The bottom line is that you get a unified pipeline to turn raw sound into perfectly polished digital assets.

1. First, subscribe to this MCP and provide your NVIDIA API Key within your agent's configuration.
2. Next, pass the audio file (or text you want spoken) from your AI client. The agent decides which sequence of tools is needed—like translating or cleaning up.
3. Finally, the MCP returns the processed output: clean transcripts, translated audio files, or new voice recordings ready for the next step in your workflow.
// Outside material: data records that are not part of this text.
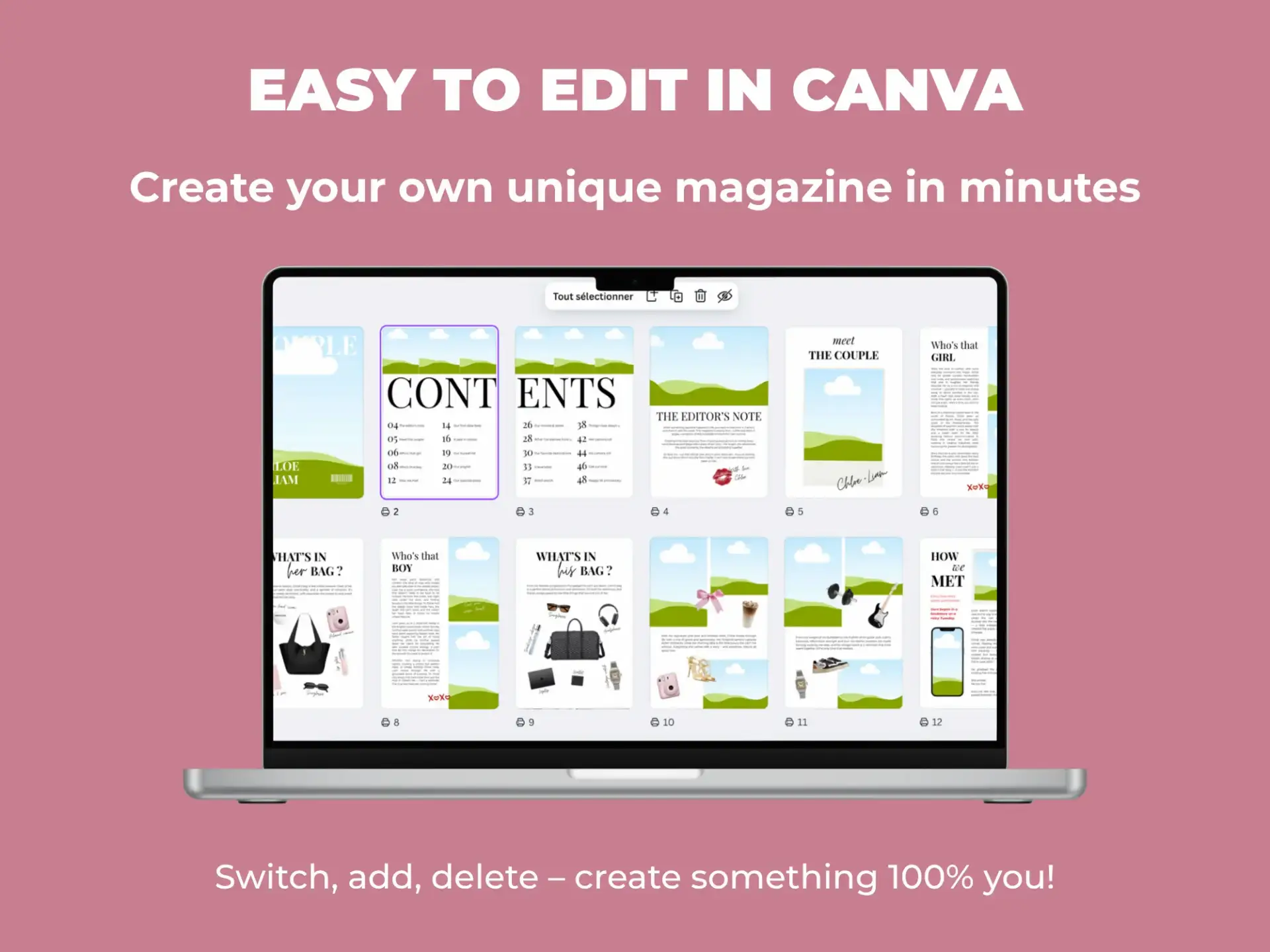 1 editable Canva link for the magazine template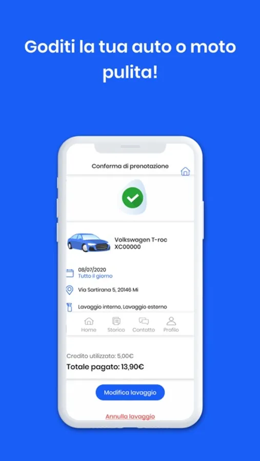 With just a few clicks, you can request the cleaning service that best suits your vehicle and your needs: interior cleaning, exterior washing, and in-depth sanitization, all at your doorstep.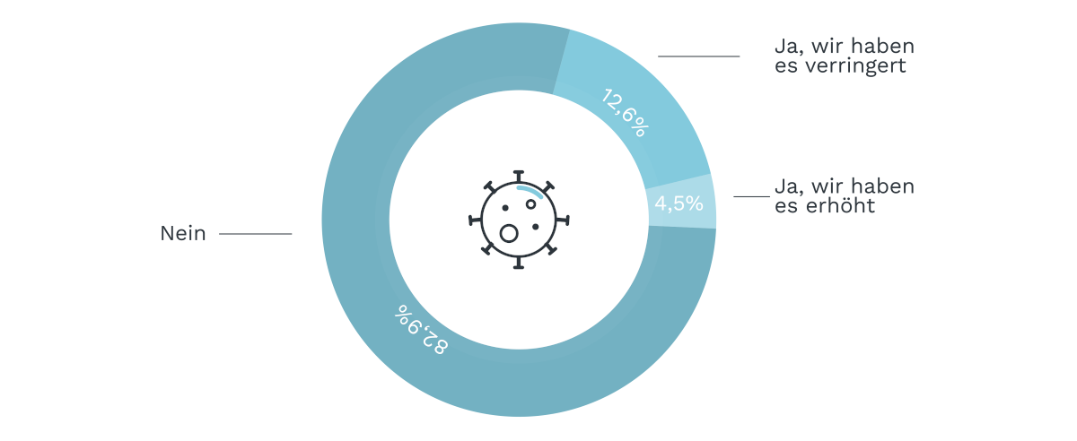 Nicht ganz so stabil wie in der Budgetfrage oder bei der Frage nach dem Veranstaltungsort finden sich die Antworten auf den Umfang der jeweiligen Gästeliste wieder. Etwas mehr als ein Drittel der Paare sah sich gezwungen, die Gästeanzahl unter den schwierigen Bedingungen nach unten zu korrigieren. So konnte oder kann leider nicht mehr jeder Gast teilnehmen, der ursprünglich mal eingeladen war. Immerhin 64,6 Prozent der Paare allerdings halten auch hier an der Ursprungsplanung fest und wollen all ihre Lieben zum großen Tag um sich haben.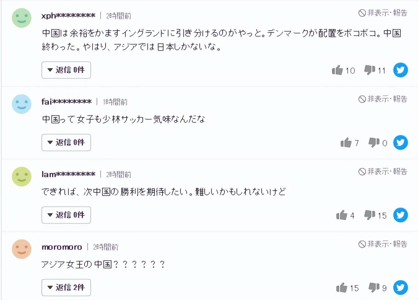 而英格兰女足贵为欧洲冠军,又岂是那么容易击败,所以对于中国女足的前景,很多球迷都不看好。在日本《雅虎体育》的评论区,日本的球迷们就纷纷留言,对中国女足进行了吐槽。有球迷评论道:“就算中国女足最后一轮逼平英格兰女足,她们也没戏,输给丹麦队太致命了,全亚洲应该只有日本女足能够出线了。”也有球迷写道:“我还挺想看中国女足击败英格兰女足的,但那也许只能在梦里实现了!”也有球迷表示:“在中国,甚至女孩子都会‘少林足球’(指张睿踢人染红)!”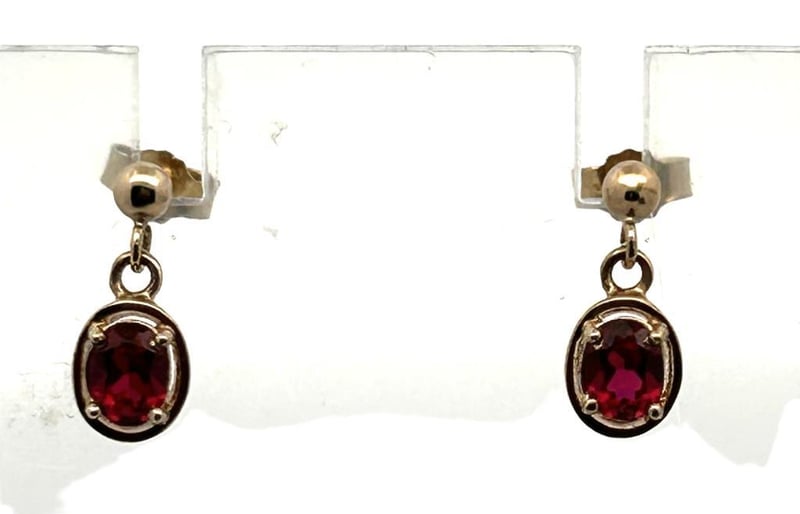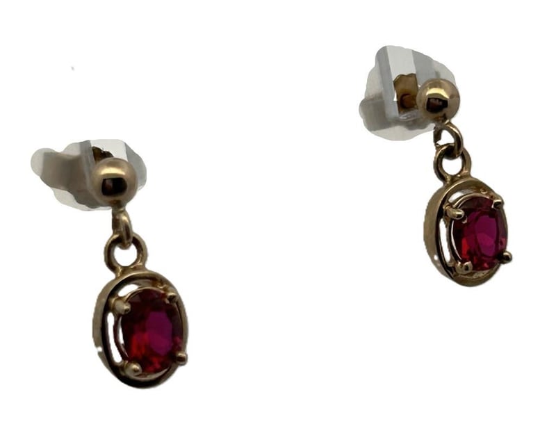 9CT YELLOW GOLD RUBY DROP EARRINGS, EACH EARRINGS INCLUDES AN OVAL CUT SYNTHETIC RUBY 4 CLAW SET WITH STEM & BUTTERFLY FITTINGS, STAMP 375, TOTAL WEIGHT 1.55 GRAMS. THIS ITEM HAS BEEN PROFESSIONALLY VERIFIED AS A GENUINE PRODUCT AND COMES WITH ACCOMPANYING 3RD PARTY CERTIFICATE OF AUTHENTICITYCondition: Good - Refer To Images
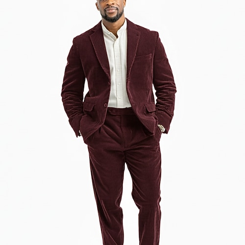 Herren Party Cordanzug Gekerbtes Revers Schwarz Burgunderrot Mode Lässig Einfarbig Figurbetonter Schnitt 2-teilig Einreihige Zwei-Knopf-Jacke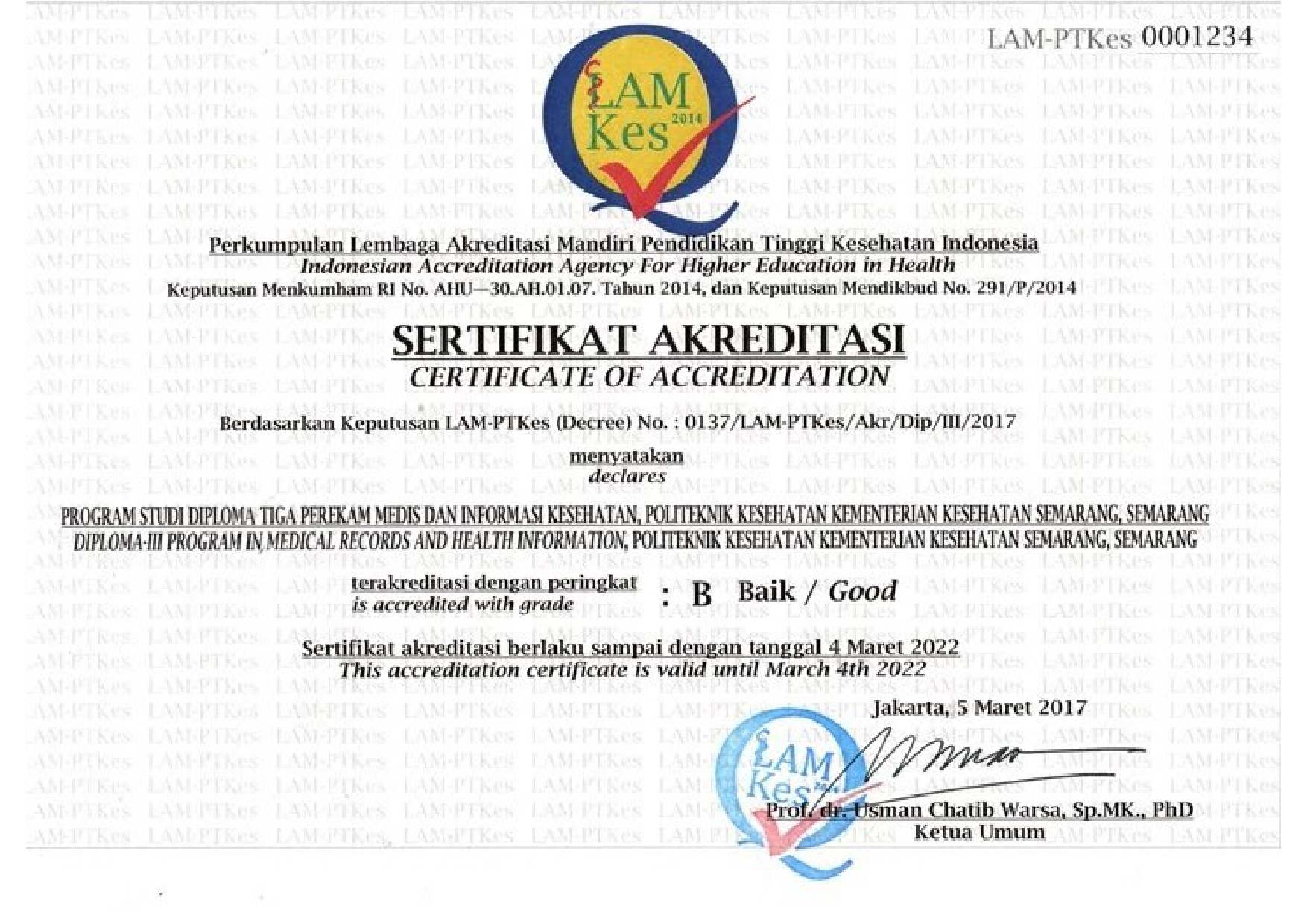 Semarang – Program Studi Rekam Medis dan Informasi Kesehatan Program Diploma Tiga Poltekkes Kemenkes Semarang mampu meraih “Akreditasi Unggul” dari LAMP-PTKES berdasarkan Surat Keputusan LAMPT-KES Nomor 0538/LAM-PTKES/Akr/Dip/VII/2022. Sertifikat “Akreditasi Unggul” berlaku sejak tanggal 14 Juli 2022 sampai 14 Juli 2027.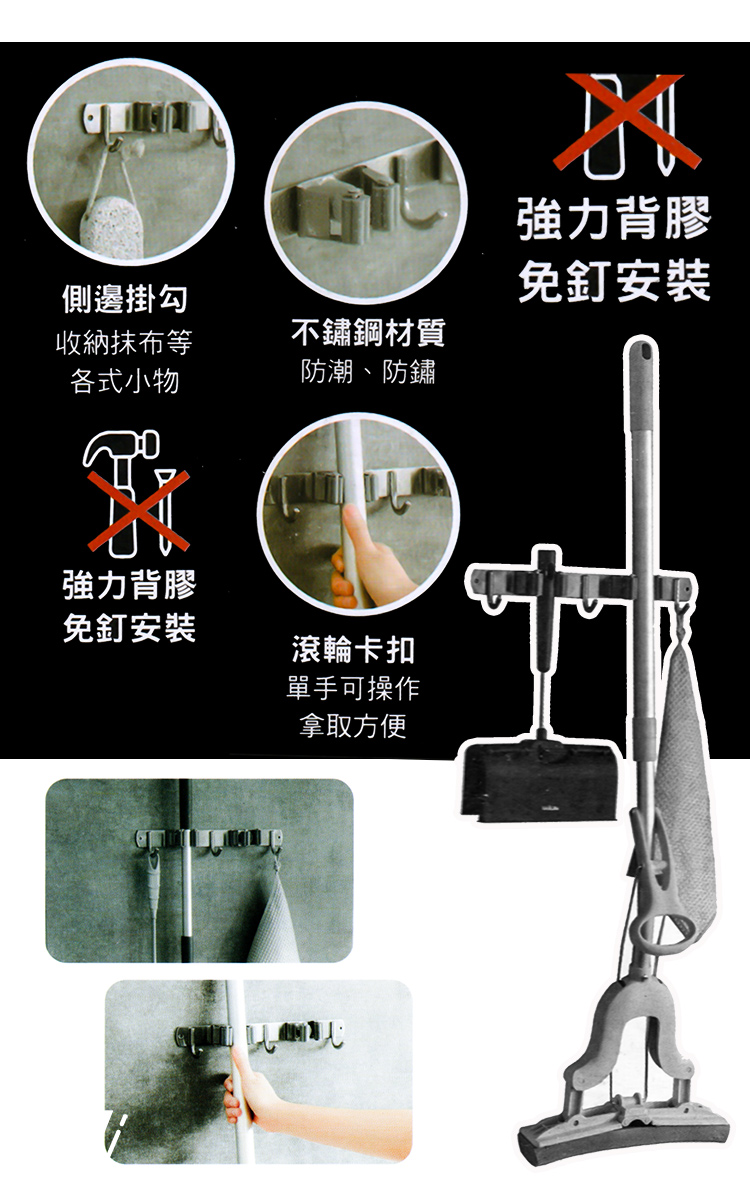 極簡設計收納方便,簡單安裝免釘免鑽孔,強力背膠隨意黏貼黏貼性強,可隨意黏貼瓷磚、大理石、木板、塑膠、金屬,撕除不殘膠不傷牆面,使用304不鏽鋼材質,堅固耐用,不易損傷,吊掛不佔空間 ,是您收納整理好幫手,可將各類工具、器具有效管理,創造整齊美觀的空間,滾輪卡扣好拿好掛不費力,舉凡有把手類型的工具均能適用,特殊掛勾設計可懸掛各種清潔工具或有握把工具,管徑或握把過大則可利用掛孔旁的掛勾做懸吊,能穩定又安全的緊握各項工具,安全不掉落。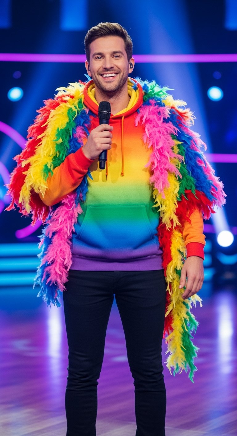 Not all auditions aim to impress with perfection—some aim to entertain, and this one did exactly that. A contestant in a rainbow tie-dye hoodie and feather boa stepped onto The X Factor USA stage, immediately drawing attention with his vibrant outfit and equally colorful personality.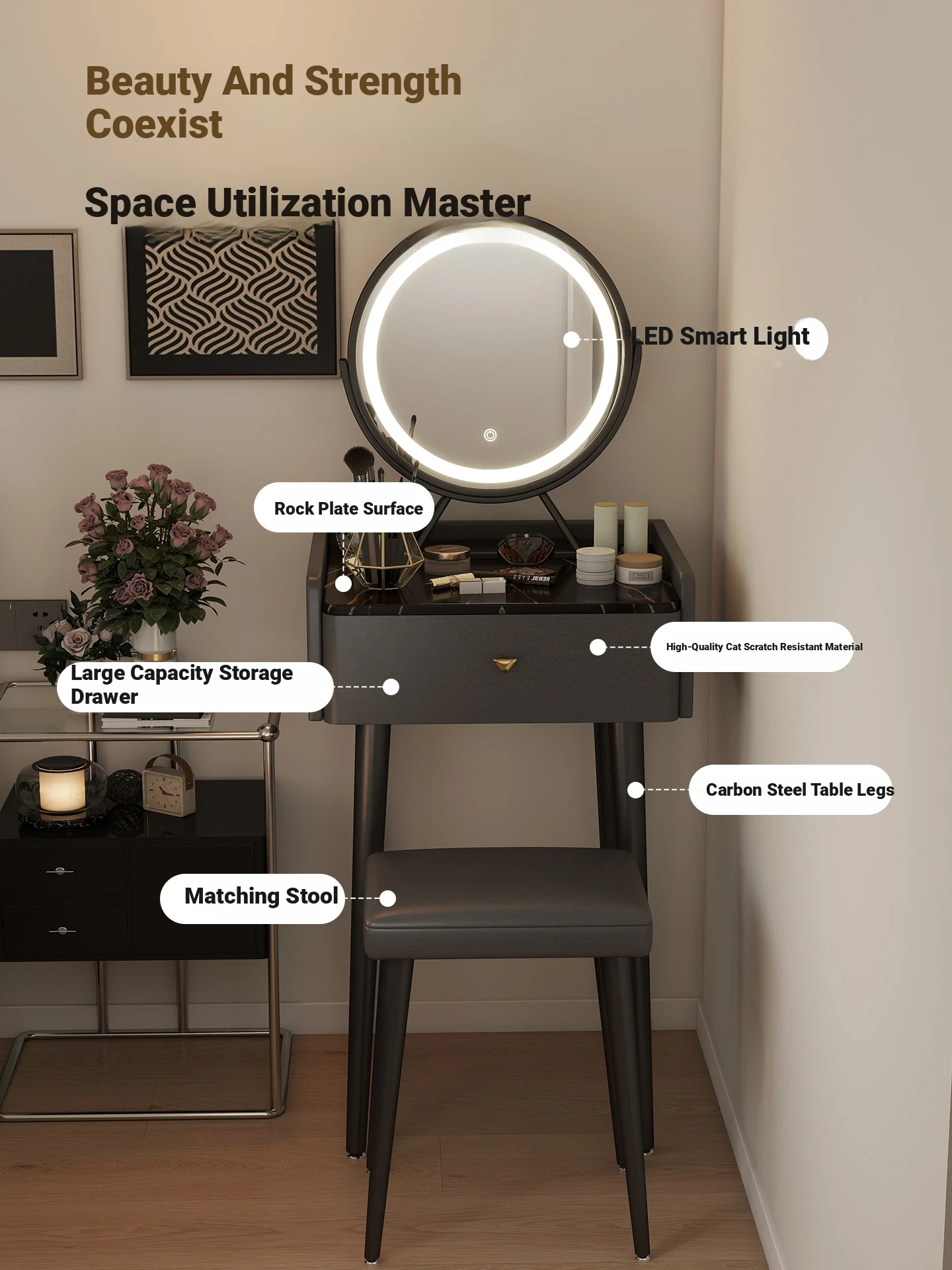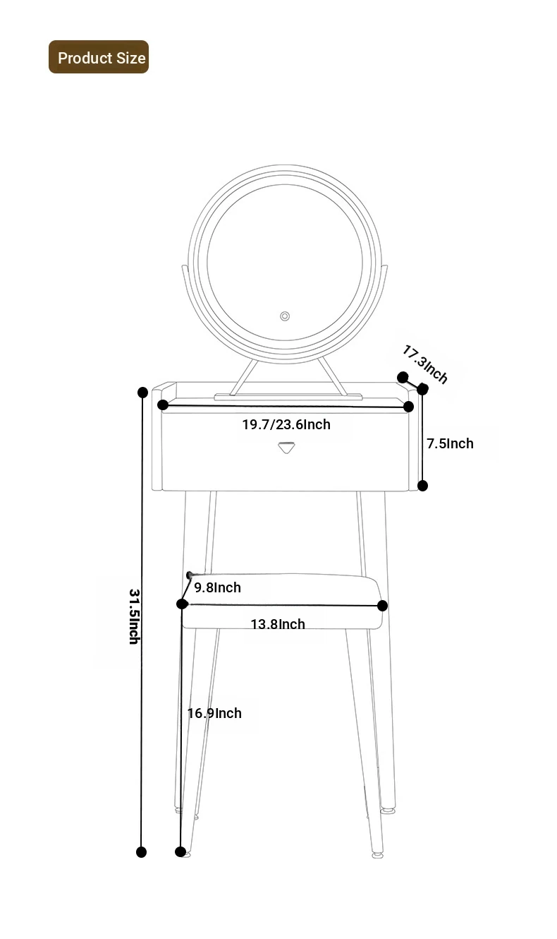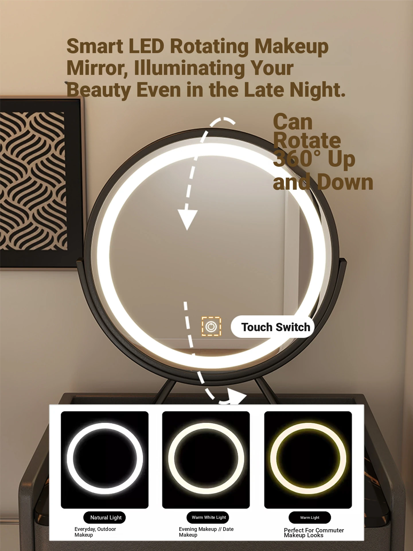 [with Stool] Khaki + Smart Led Rotating Makeup Mirror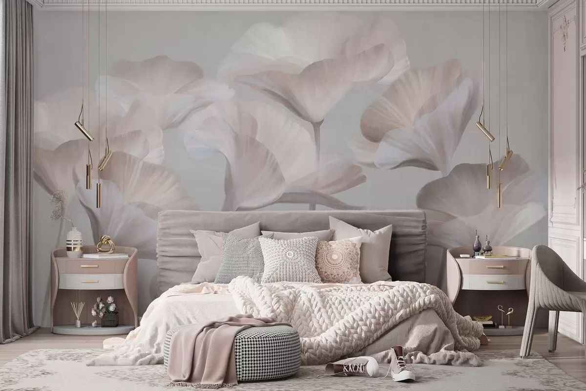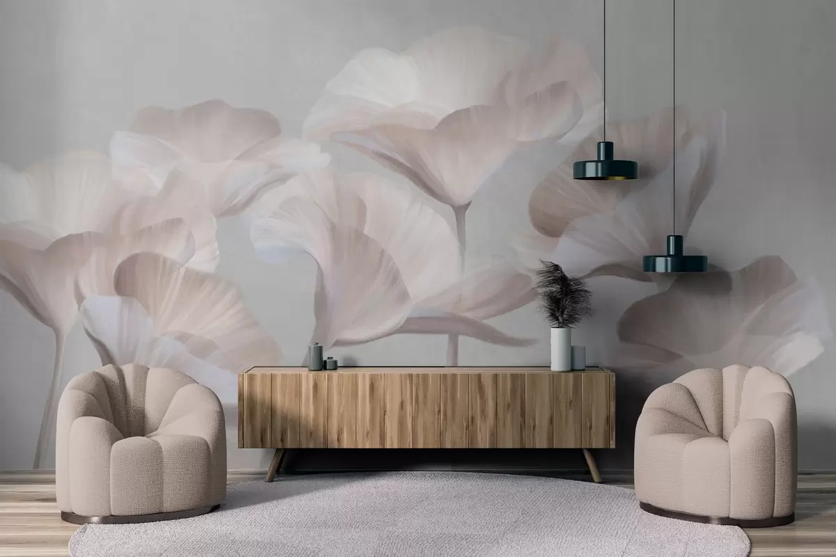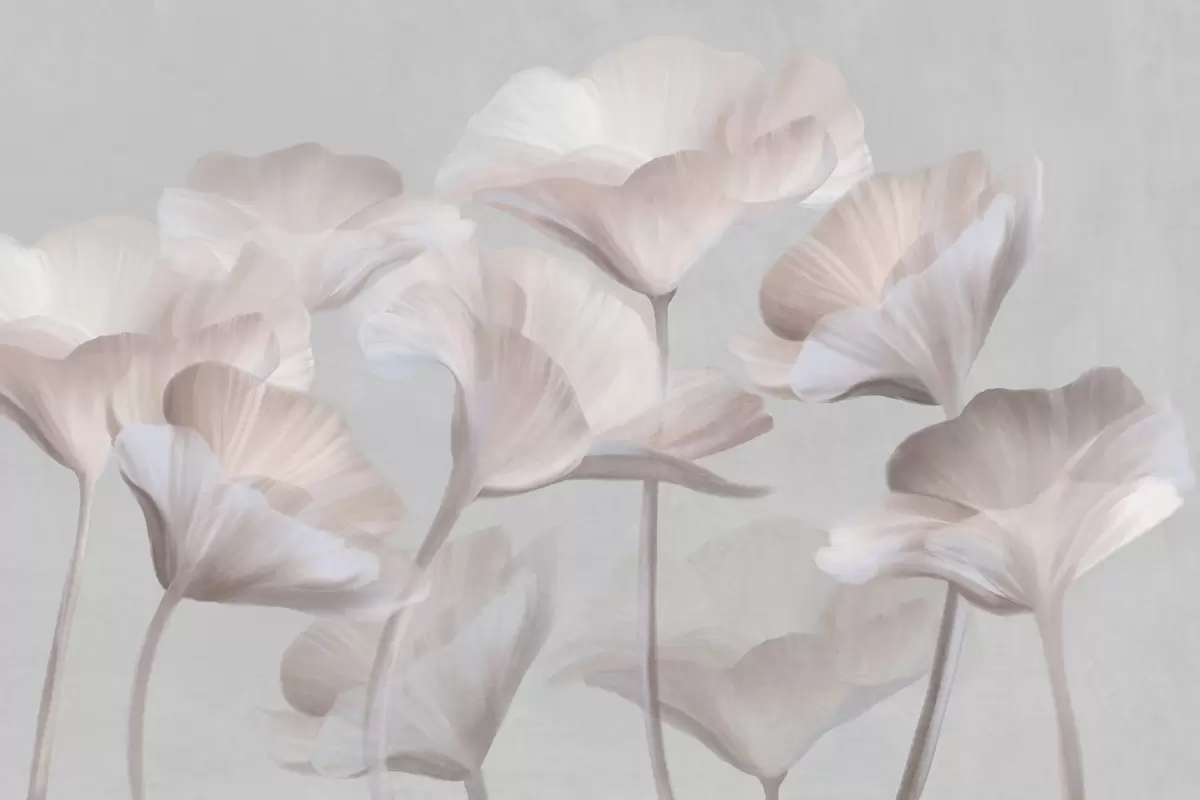Fototapet Ljuspersikofärgade, genomskinliga lotusblommor med delikata kronblad mot en dämpad grå bakgrund. Nr. w09640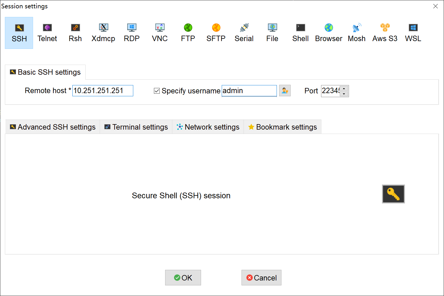 - Open the SSH management tool, set the port to 22345, and enter the administrator username and password to log in.

## Frequently Asked Questions

**Does NVIDIA Audio MCP support multiple languages?**
Yes, it supports numerous languages for both transcription and translation. You simply specify the source and target language when using audio_translation or speech_to_text.

**Can I clean noise from a recording before transcribing it with NVIDIA Audio?**
Absolutely. Before running the transcript through speech_to_text, you should first run cancel_noise on the audio file to remove background static or hums, ensuring cleaner results.

**How does speaker_diarization work with NVIDIA Audio?**
speaker_diarization analyzes an audio recording and outputs a time-stamped log that identifies different speakers by assigning them unique labels throughout the file's duration.

**What is the difference between summarize_audio and transcribing with NVIDIA Audio?**
Transcribing (speech_to_text) gives you every word spoken. Summarizing (summarize_audio) takes that full transcript and condenses it into key takeaways, saving you reading time.

**Is voice cloning in NVIDIA Audio restricted to one language?**
No, the clone_voice tool allows you to establish a unique audio fingerprint. You can then generate new speech using that cloned voice across multiple languages for consistent branding.